The second he was taken to the hospital, everyone knew who he was.
An infamous cold case of the boy who vanished. A story that brought in true crime and paranormal tourists in like cats to fish. The Fenton Works building became a “haunted” location for tours and overnight stays. His face all over the news and online forums. A tragedy turned into profit .
Danny is one hundred and seventy two, still looking fourteen when he is told what year it is. When he is told his family and friends are gone. When he is told his house has been taken in by the town. When it becomes clear there is nowhere else for him to go. He is back, but he looks more lost than ever. His eyes are heavy and while his form looks strong, it seems that the weight of everything is enough to turn him to dust with one wrong move.

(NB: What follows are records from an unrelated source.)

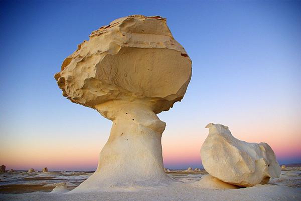 白沙漠位于埃及西部法拉法拉绿洲,受风沙风化而形成的地形,这里的沙子呈奶油一样的雪白色,和周围的黄色沙漠形成鲜明的对比。白色岩石风化而成各种形状,四处林立的鸡状石、骆驼石块、海豹石、磨菇石等等,十分有趣。而经风吹而造成的细石散布,为单调的黄沙漠,装点亮丽,不禁让人佩服大自然的神奇。在白色沙漠的夜晚观星是当地一个著名旅游节目。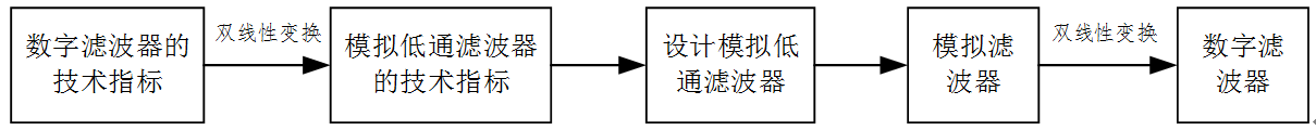 数字滤波器设计常采用间接设计法,即先将给定的数字滤波器技术指标转变为模拟滤波器低通滤波器的技术指标,然后将设计好的低通模拟滤波器转变为所需的数字滤波器,主要原因是模拟滤波器的设计方法比较成熟。从模拟滤波器到数字滤波器的设计方法有冲激响应不变法和双线性变换法等,以双线性变换法应用最广泛。用双线性变换法设计IIR数字滤波器的步骤如图2所示。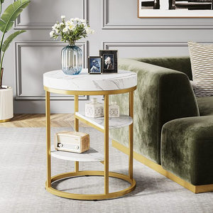 Round End Table, Small Side Table Nightstand with 3-Tier Shelves | SST-5028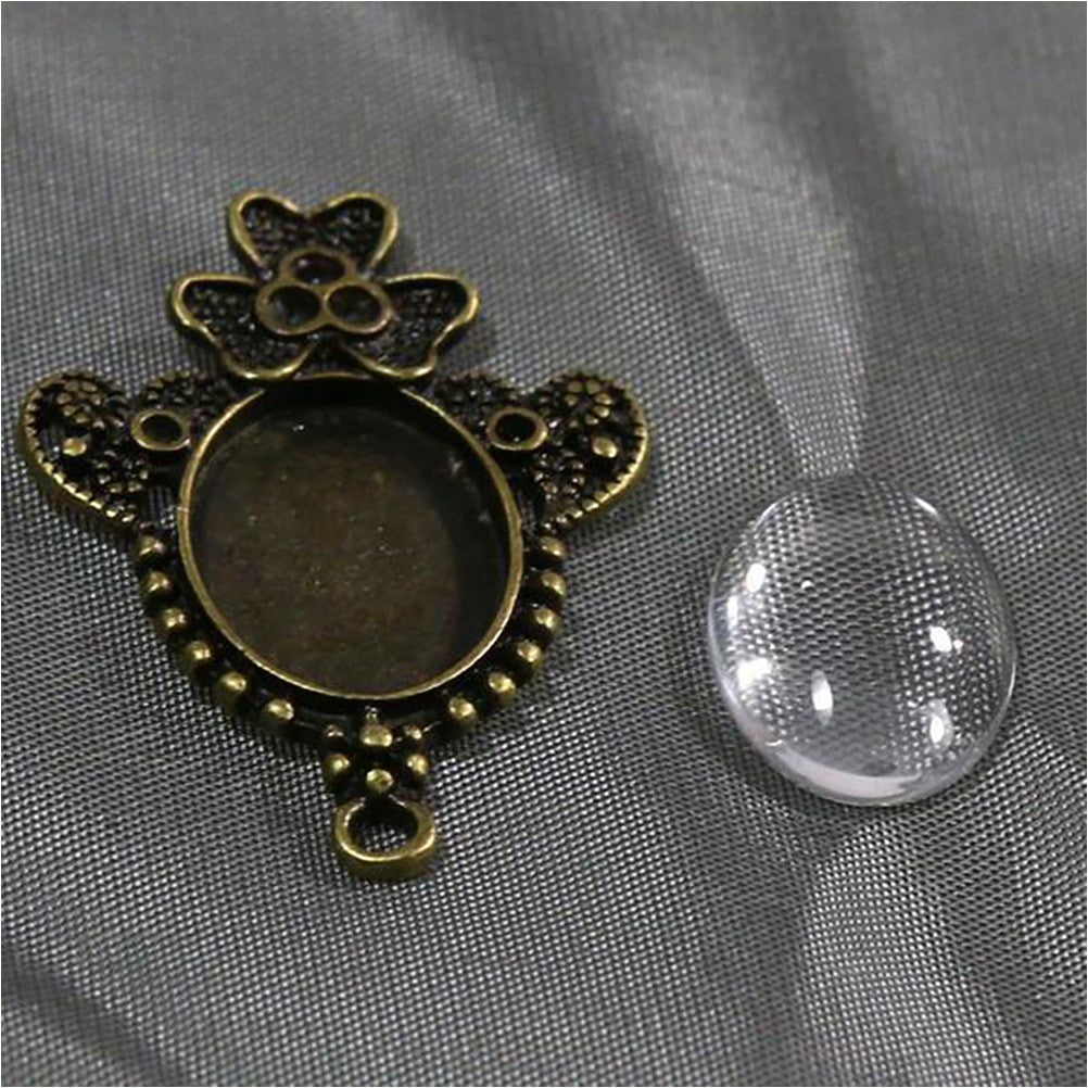 Le support en alliage mesure 39 mm de long pour 28 mm de large, et il est équipé d'un trou de 2 mm auquel suspendre une bélière. Le plateau du support quant à lui mesure, tout comme le cabochon verre transparent, 18 mm de long pour 13 mm de large. Vendu en lot de 10 kits cabochon.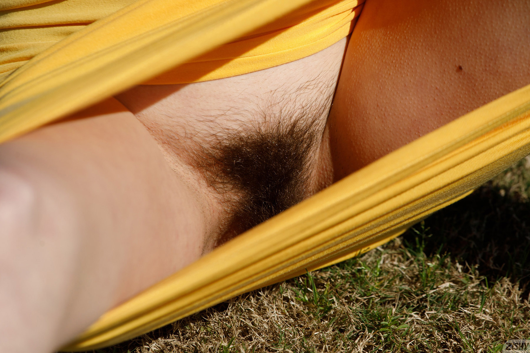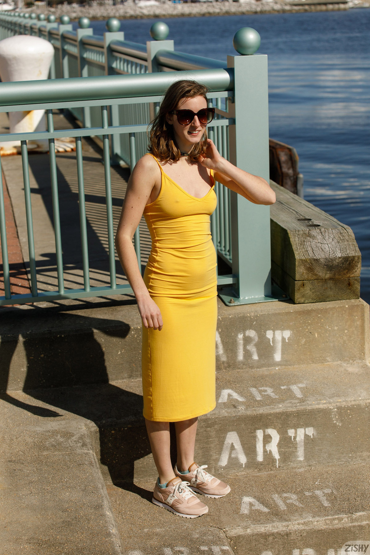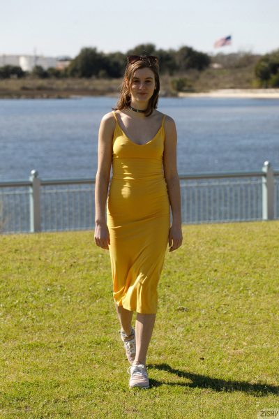 Meadow Brink is the perfect version of an American Honeysuckle in her cute little yellow dress flashing her hairy pussy on Zishy. Meadow even does some fun stuff outside like parkour on a railing.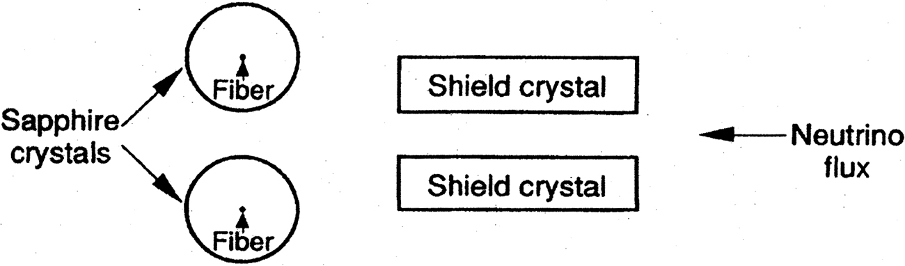 Weber’s 1984 paper also contained a startling new theoretical suggestion concerning neutrino detection, as well as experimental results which supported that hypothesis. Weber, assuming an infinitely stiff crystal, calculated that the coherent scattering of neutrinos from such a crystal would vary with N2, where N was the number of scatterers.20 For a macroscopic crystal N would be a very large number21 and this would increase the very small neutrino scattering cross-section by many orders of magnitude. This would mean that instead of using a tank containing 100,000 gallons of cleaning fluid,22 one could use a sapphire crystal that one could hold in one’s hand as a neutrino detector.
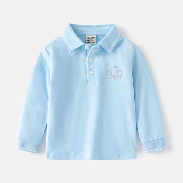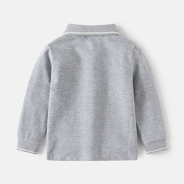 เสื้อโปโลเด็กผู้ชายสีพื้น แขนยาว คอปก สำหรับเด็กวัยหัดเดิน รุ่นใหม่ประจำฤดูใบไม้ร่วง รับสั่งทำขายส่ง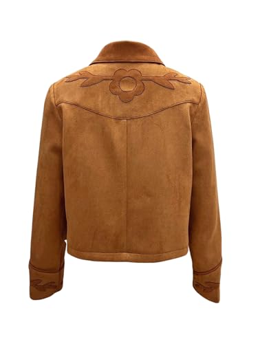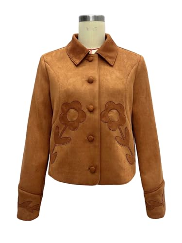utcoco Women Fashion Floral Patchwork Cropped Faux Suede Leather Jacket 2025 Fall Clothes Button Down Lightweight Coat 5

When he gets up and leaves, they know they won’t see him again. But no one tries to stop the fragile teen. A minor shouldn’t be able to go alone, be without protection. But he is older than anyone else in town. A complicated case, but it becomes clear that having him be anywhere he doesn't want to be isn't going to happen.
No one asks Danny where he went or what happened for all those years. They don’t even think to. Just one look from his cold eyes, and all questions get stuck in their throats.
And yet, through it all, the police station can’t help but to give out a collective sigh of relief as they move a single file from their Cold Cases, to Solved.